Laura Enriquez in classroom setting

Research Expertise and Interest

Development in Latin America; Latin American Emigration to Europe; Rural Sociology, Political Sociology; Social Movements

Research Description

Laura Enríquez’s principal interest lies in the possibilities and dilemmas inherent in social transformation in Latin America. She has approached this interest through the lens of agriculture, whether in the shape of agrarian reform, food policy, or more general policies related to production in this sector of the economy and those who engage in it.  More recently, her sociological lens has broadened to explore how the lack of such change has led to migration from the region to Europe. Her research sites have been Nicaragua, Cuba, Venezuela, and Italy, where she has engaged in interviewing and ethnography to study these topics.

Enríquez’s first two books were broadly concerned with the impact of the agrarian reform that was carried out in Nicaragua under the Sandinista government between 1979 and 1990. She looked at the effect it had on the economy as a whole, as well as the ways in which it influenced the political perspective of agrarian reform beneficiaries.

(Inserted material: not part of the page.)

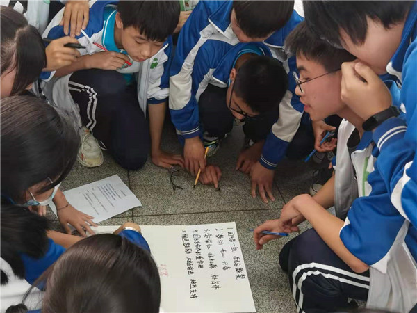 团体活动环节,同学遵循要求,为自己小组不落后出谋划策、团结协作、积极行动、反思总结。
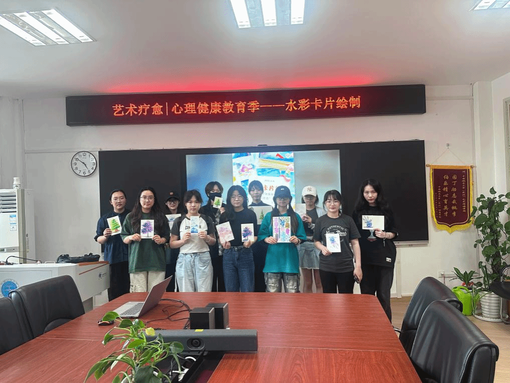 活动尾声,同学们依次展示自己的水彩卡片,并分享创作背后的故事与心情。通过色彩的流动与笔触的交织,大家不仅完成了一件精美的手工作品,更在沉浸式的艺术体验中实现了压力的释放与情感的疏导。现场轻松愉悦的氛围,让每一位参与者都感受到了集体创作带来的温暖与接纳。

In addition, she examined the shift in food policy in post-1990 Cuba, and the country's larger process of agrarian transformation, as its socialist government attempted to survive the collapse of its key trade partner - the Council for Mutual Economic Assistance.

Enríquez’s third book, Reactions to the Market: Small Farmers in the Economic Reshaping of Nicaragua, Cuba, Russia and China, brings her research on the first two of these countries together in an analysis of the different strategies that each government pursued in the post-1990 period to address their economic crises, and the impact these had on small farmers. Placing Nicaragua's and Cuba's small farmers in a comparative light with those of Russia and China, it argues that reform strategies implemented in each case reflected the overall political economic orientation of their respective governments: in Nicaragua and Russia, the emphasis was on bringing about a rapid retreat from socialism, and in Cuba and China (especially between 1978-1985), it was on reconfiguring socialism. The book situates this discussion at the intersection of the theoretical debates concerning "the transition to the market" that has taken place in former socialist countries - in particular the issue of whether that transition has led to more or less inequality - and the future of the peasantry with the expansion of capitalism in agriculture.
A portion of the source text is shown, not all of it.